You might think it was a pretty good indicator the federal government was spending too much money on medical research when it started paying advocates of "alternative" medicine to study the impact of yoga on "generalized anxiety."
But then you are not Sen. Arlen Specter, the liberal Republican from Pennsylvania, who chairs the Senate Appropriations Subcommittee that oversees funding for the National Institutes of Health, the federal agency that funds medical research.
Thanks to Specter, the full Appropriations Committee last week approved a record $29.4 billion in funding for NIH in fiscal 2006. That is $1.1 billion more than fiscal 2005, and $905 million more than President Bush requested.
Back in fiscal 1994, when Bill Clinton was president and Democrats controlled both houses of Congress, the NIH spent only $10.95 billion. Since then, with Republicans controlling Congress, NIH spending has almost tripled. In 2000, when Bush first ran for president as a "compassionate conservative," he promised that by 2003 he would double NIH spending from its fiscal 1998 level of $13.6 billion. He was good to his word.
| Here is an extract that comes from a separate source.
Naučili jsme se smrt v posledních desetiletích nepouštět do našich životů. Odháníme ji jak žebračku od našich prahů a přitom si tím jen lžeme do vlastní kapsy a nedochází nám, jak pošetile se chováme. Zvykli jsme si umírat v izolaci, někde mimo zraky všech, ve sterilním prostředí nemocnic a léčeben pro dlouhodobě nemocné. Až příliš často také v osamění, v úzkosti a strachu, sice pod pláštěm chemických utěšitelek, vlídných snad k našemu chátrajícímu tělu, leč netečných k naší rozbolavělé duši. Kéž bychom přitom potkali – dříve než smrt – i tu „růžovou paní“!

But now, like an uncontrollable malignancy, NIH won't stop growing. Explaining the new NIH-spending increase he is pushing now, Sen. Specter said: "The biggest bang for the buck in the federal budget is health-care spending."
Nonsense. NIH suffers from bloated bureaucracy syndrome, vomiting tax dollars on unnecessary projects all over the country. Congress needs to give it a full fiscal exam and then amputate the extremities.
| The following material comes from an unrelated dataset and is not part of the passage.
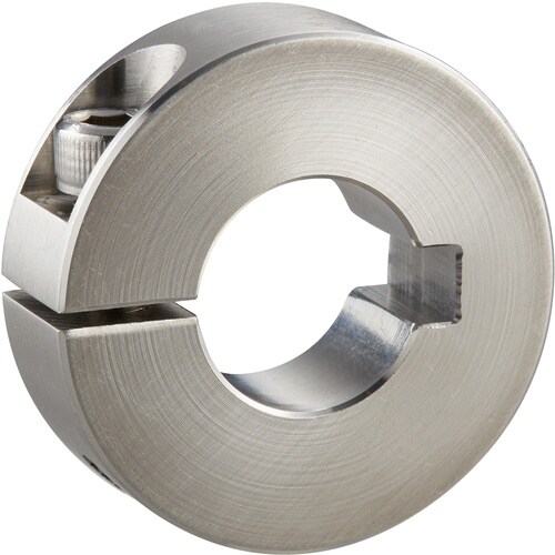 締結力の強いスタンダードスリットカラーです。面で締め付けるため締結力が強く、シャフトに傷が付きにくいタイプです。キーを逃がす構造になっているため、キーが付いている所にも取り付けができます。 |

Consider some current grants:
NIH is funding a yoga study at the University of California at San Francisco (UCSF). The agency calls it a "[c]ollaboration with the Center for Integrative Medicine at UCSF and the Swami Vivekananda Yoga Anusandhana in India to establish the Center on Yoga, Health and Meditation." This is part of what NIH calls its effort "to establish global collaborations and cross-cultural exchange among foreign and U.S. institutions to design and implement research on complementary and alternative medicine (CAM) approaches that have emerged from traditional indigenous medical systems." In other words, it is a form of foreign aid.
Congressmen who end up voting for increased NIH funding ought to explain to taxpayers in places like Nashville, Tenn., and Searchlight, Nev., why the federal government should force them to subsidize a yoga project at a University of California hospital located on the fringes of San Francisco's Haight-Ashbury district.
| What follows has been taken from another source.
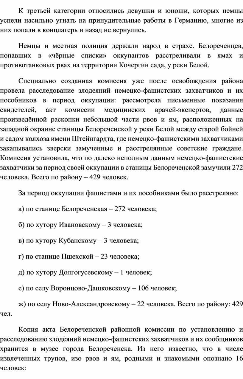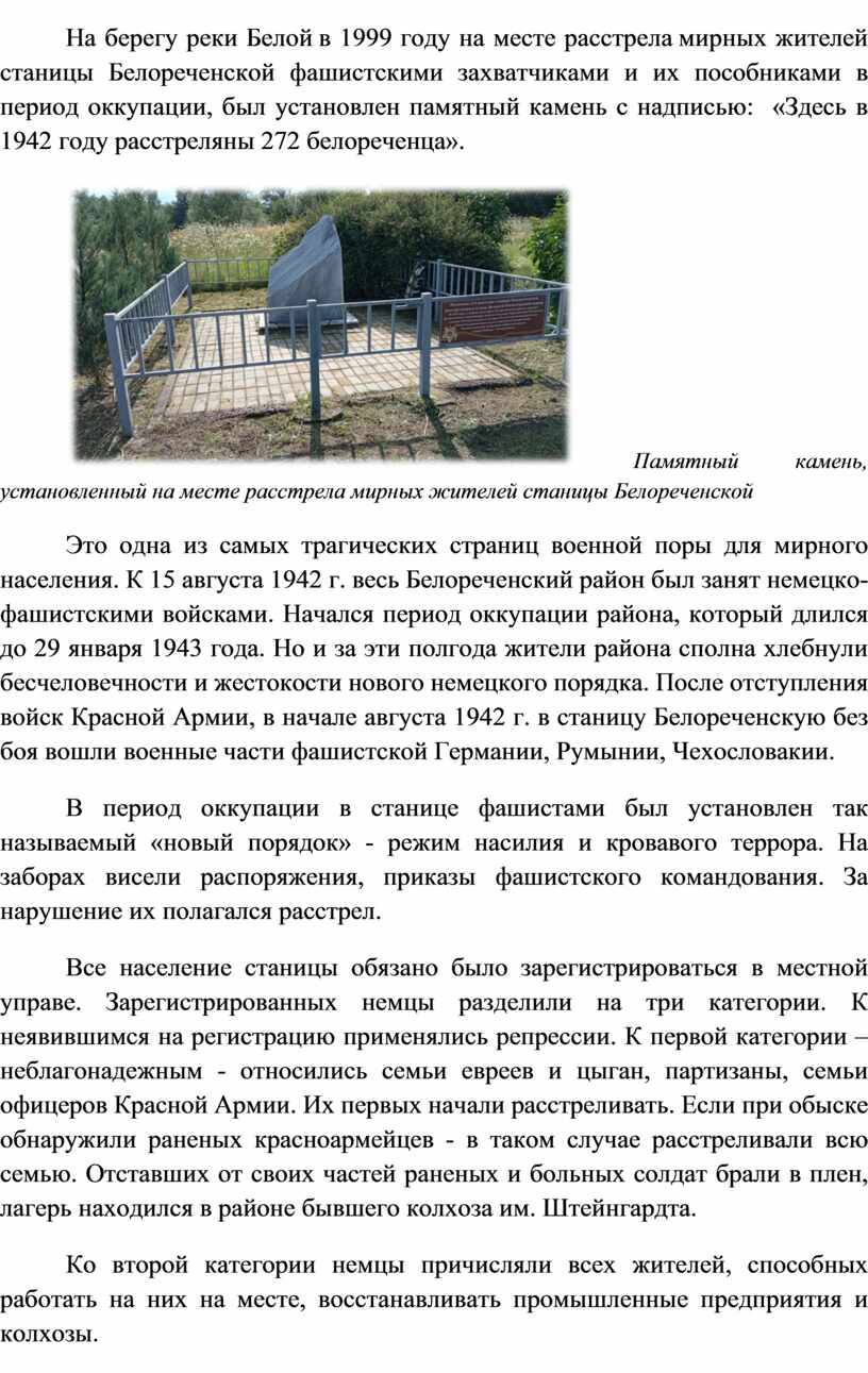 Это одна из самых трагических страниц военной поры для мирного населения. К 15 августа 1942 г. весь Белореченский район был занят немецко-фашистскими войсками. Начался период оккупации района, который длился до 29 января 1943 года. Но и за эти полгода жители района сполна хлебнули бесчеловечности и жестокости нового немецкого порядка. После отступления войск Красной Армии, в начале августа 1942 г. в станицу Белореченскую без боя вошли военные части фашистской Германии, Румынии, Чехословакии.

And it is not as if UCSF got the only yoga-related grant. The NIH grants database lists 15 other ongoing projects involving this specific "traditional indigenous medical system." Brigham and Women's Hospital in Boston, for example, is working on a five-year study entitled, "Yoga as a treatment for insomnia."
At the University of Colorado, Denver, NIH is funding a study of "Yoga for Generalized Anxiety Disorder." This is "an exploratory study assessing the feasibility and promise of studying yoga for the treatment of persons with generalized anxiety disorder (GAD)."
Never heard of GAD? If the NIH abstract for this grant is correct in stating that GAD is "a chronic and debilitating condition that affects 5 percent of the general population," it is almost certain one of your neighbors or co-workers must have it. Now, your tax dollars will help researchers in Denver "test whether unique positive psychospiritual outcomes are associated with use of our yoga treatment."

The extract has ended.